Right now, we are able to do the signing of our Windows client installer manually. We want to be able to do signing automatically as a part of our build process, and there are a couple of things that need to be in place before we can do this: * osslsigncode: * cmake (>= 3.17) * openssl-pkcs11: * p11-kit-trust: * This is possibly already part of our p11-kit build. * kms integrations: * https://github.com/GoogleCloudPlatform/kms-integrations/tree/master * bazel (build system) * Java: * Possibly https://github.com/openjdk/jdk/blob/master/doc/building.md
I created a couple of bugs for the major dependencies we have to solve before we can use osslsigncode in cenbuild: * Bug 8298 (Upgrade CMake) * Bug 8299 (Build openssl-pkcs11) * Bug 8300 (Build libkmsp11)
The osslsigncode package has now been upgraded to version 2.6. I verified that our old method for signing is still working in the new version.

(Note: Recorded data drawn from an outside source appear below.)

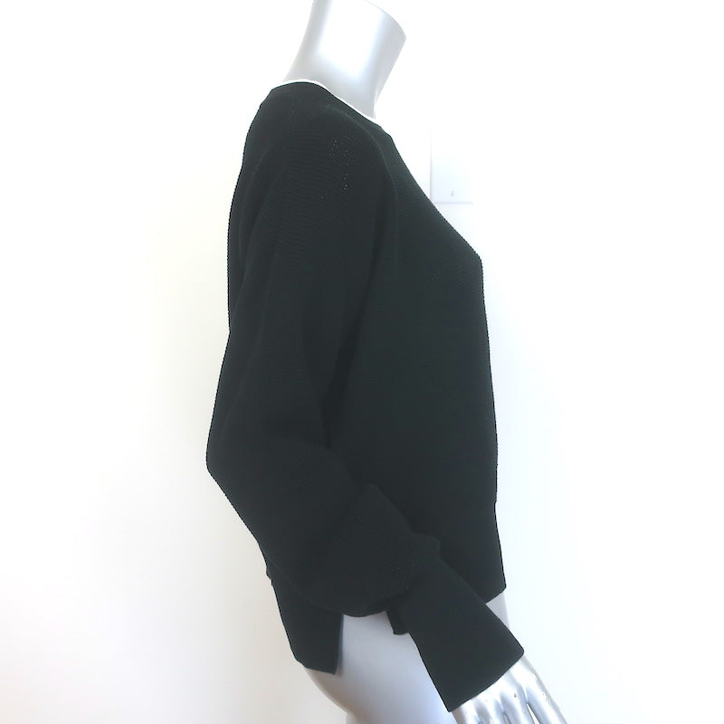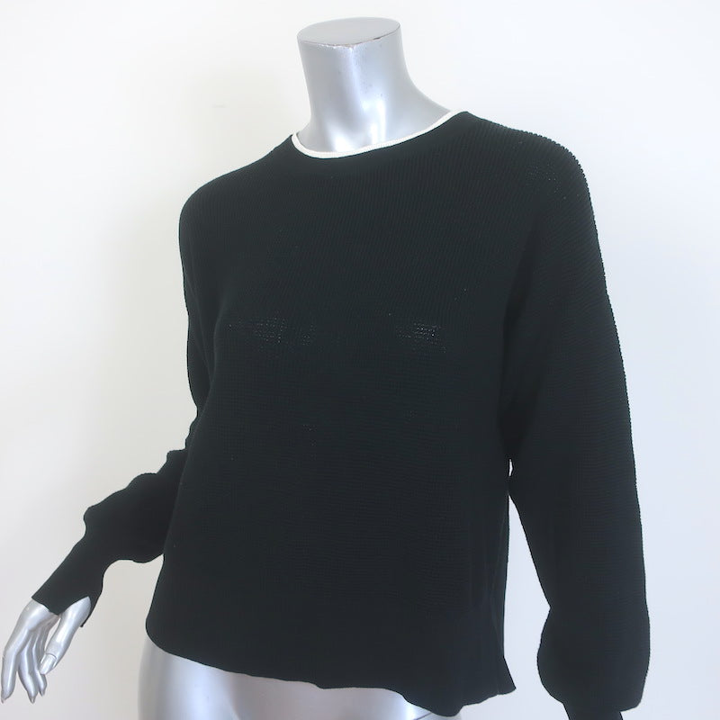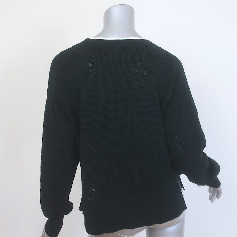 Margaret O'Leary Whitney Waffle Knit Crewneck Sweater Black Cotton Size Small
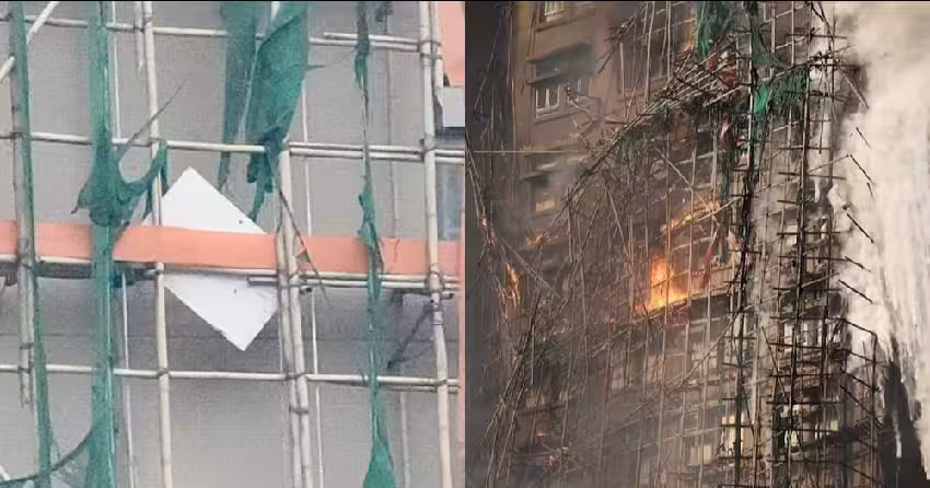 竹製鷹架因價格低、韌性高、重量輕,在香港等地具有成本優勢,而為了避免粉塵與保護工人安全,會在鷹架外圍上尼龍塑膠防護網,但該材質不僅「耐燒」,遇上大量可燃物還會導致火勢加劇。
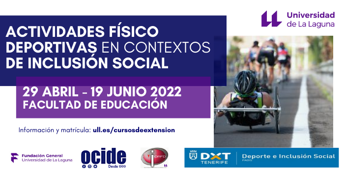 Curso de Extensión Universitaria organizado por la Fundación General de la Universidad de La Laguna (FGULL), OCIDE y el Grupo de Innovación e Investigación Docente en la Actividad Física y el Deporte (GIIDAFD) de la ULL, con la colaboración del Cabildo Insular de Tenerife, que se celebrará en la Facultad de Educación entre los días 29 de abril y 19 de junio de 2022.
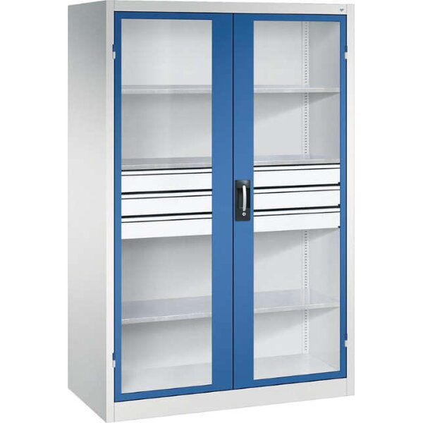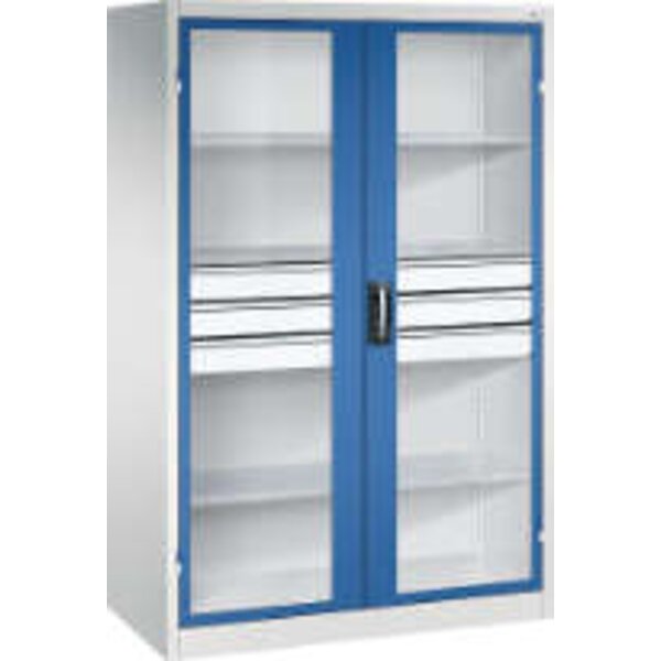 -Schwerlastschrank, mit Flügeltüren und Schubladenblock mittig, RAL 7035/5010 Diese Schwerlastschränke bestehen aus einer langlebigen und stabilen Stahlblechkonstruktion.

I've created a ticket upstream about the built-in tests not being compatible with our cenbuild Python version. The patch we apply to the build right now simply removes the entire test suite. We should concider patching the tests. See the diff in the upstream issue [1]. [1] https://github.com/mtrojnar/osslsigncode/issues/349
Aside from the certificate, we need a private key to sign our Windows binaries. As described in comment 0, this can no longer be stored locally. We are now subscribed to a service from Google that allows us to store this key in the cloud. The service is “Cloud HSM” (Hardware-Security Module) and is available as part of “Google Cloud KMS” (Key Management Service). The certificate, which we bought from GlobalSign, was expensive. The certificate is linked to the key hosted on KMS. However, they have said that it is possible to “re-issue” a new key. That means we are probably not locked to using Google's KMS.

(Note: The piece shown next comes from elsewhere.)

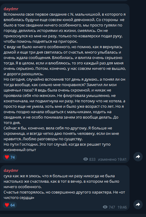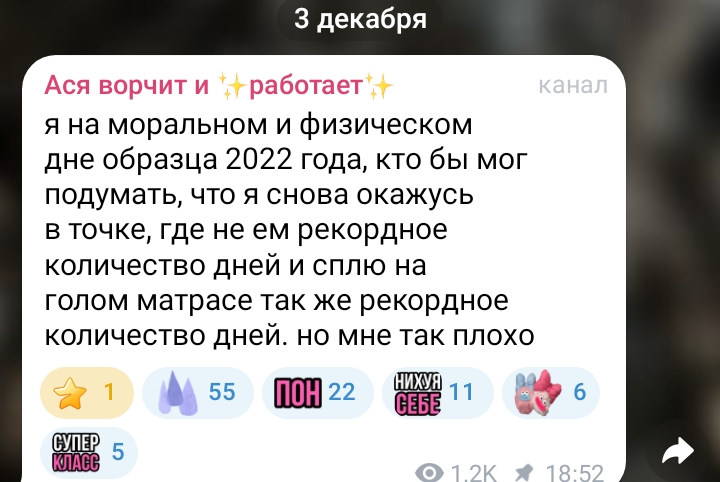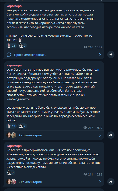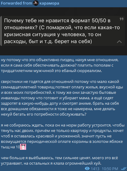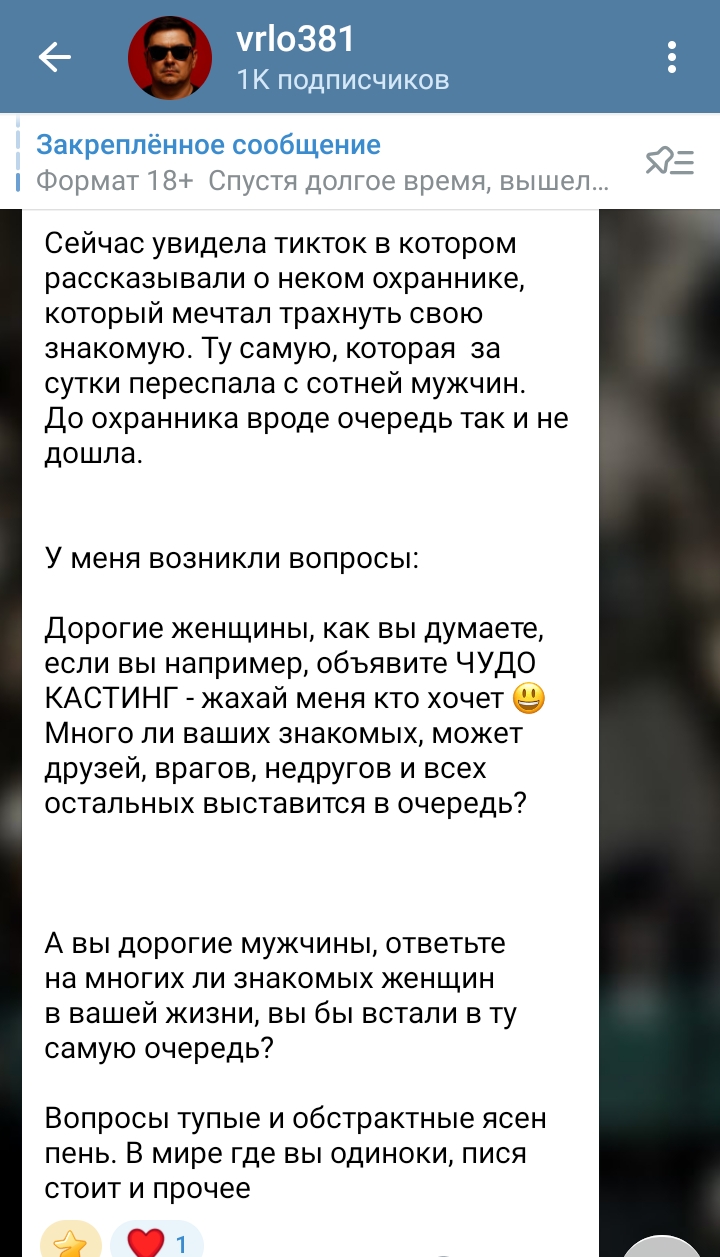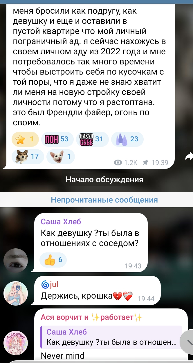 Вы все за ту курьершу заступаетесь? За эту тупую пизду, которая пришла в нарко-проституцкий тг и начала мораль читать? ИМХО такие люди будут везде обосраны, хоть в нарко-притоне, хоть на солевой вписке, хоть в маке если начнет про пп затирать. Такие все умные, тыкаете в проститутку лол. Лучше бы бугуртили так на сериал Жизнь по вызову с прилучным, где в пропаганда тоже есть
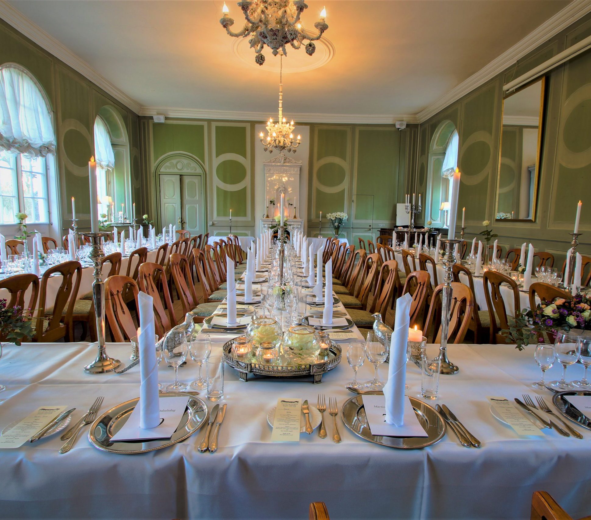 Betjening er inkluderet i hele arrangementets varighed. Festopdækning inkluderer friske blomster som standard, og vores erfarne team står klar til at planlægge og lede arrangementet for at sikre, at alt forløber smidigt og mindeværdigt.

It seems very challenging to include Google's KMS client library into cenbuild (see bug 8300). However, one option we still have, that would allow us to potentially continue using Google's KMS, is to write our own client library. The overall process is described well here: https://icedev.pl/posts/setting-up-ev-code-signing-google-hsm-fips-140-2/ Hopefully, it would not require too much work. From what we can understand, we need to be able to do two things: * Enumerate the keys on Google's HSM * Execute the cryptographic operation that will give us the signature It is possible that we don't even need to write a PKCS#11 module here, we might be able to create an OpenSSL engine and use that interface instead. If we're writing our own client library, we have full control on requirements and would ensure that we build something that fits perfectly in our environments. Google's implementation can be found here: https://github.com/GoogleCloudPlatform/kms-integrations Code showing how to use Google's KMS client library from, for example Python, can be found here: https://cloud.google.com/kms/docs/create-validate-signatures#kms-sign-asymmetric-python
Adam found a project which is a PKCS#11 provider which interfaces with AWS KMS (yes — Amazon, not Google): https://github.com/JackOfMostTrades/aws-kms-pkcs11 It could be useful as inspiration if we decide to write our own library for interfacing with Google's KMS. Alternatively, if we decide to abandon Google's service, we could look into using Amazon's counterpart. In that case, we could investigate if aws-kms-pkcs11 is easier to integrate into cenbuild (from a glance it seems to require an AWS SDK).
It was decided to stop pursuing this for now. We need to prioritize other things for 4.17.0. We will continue to sign Windows binaries manually until we decide to revisit this.
I have set up a virtual machine where manual signing has been streamlined a bit. Our wiki page for osslsigncode has been updated to reflect this. Keep in mind that we see this as a temporary fix that can be used until we have automatic signing in place as a part of the build procedure.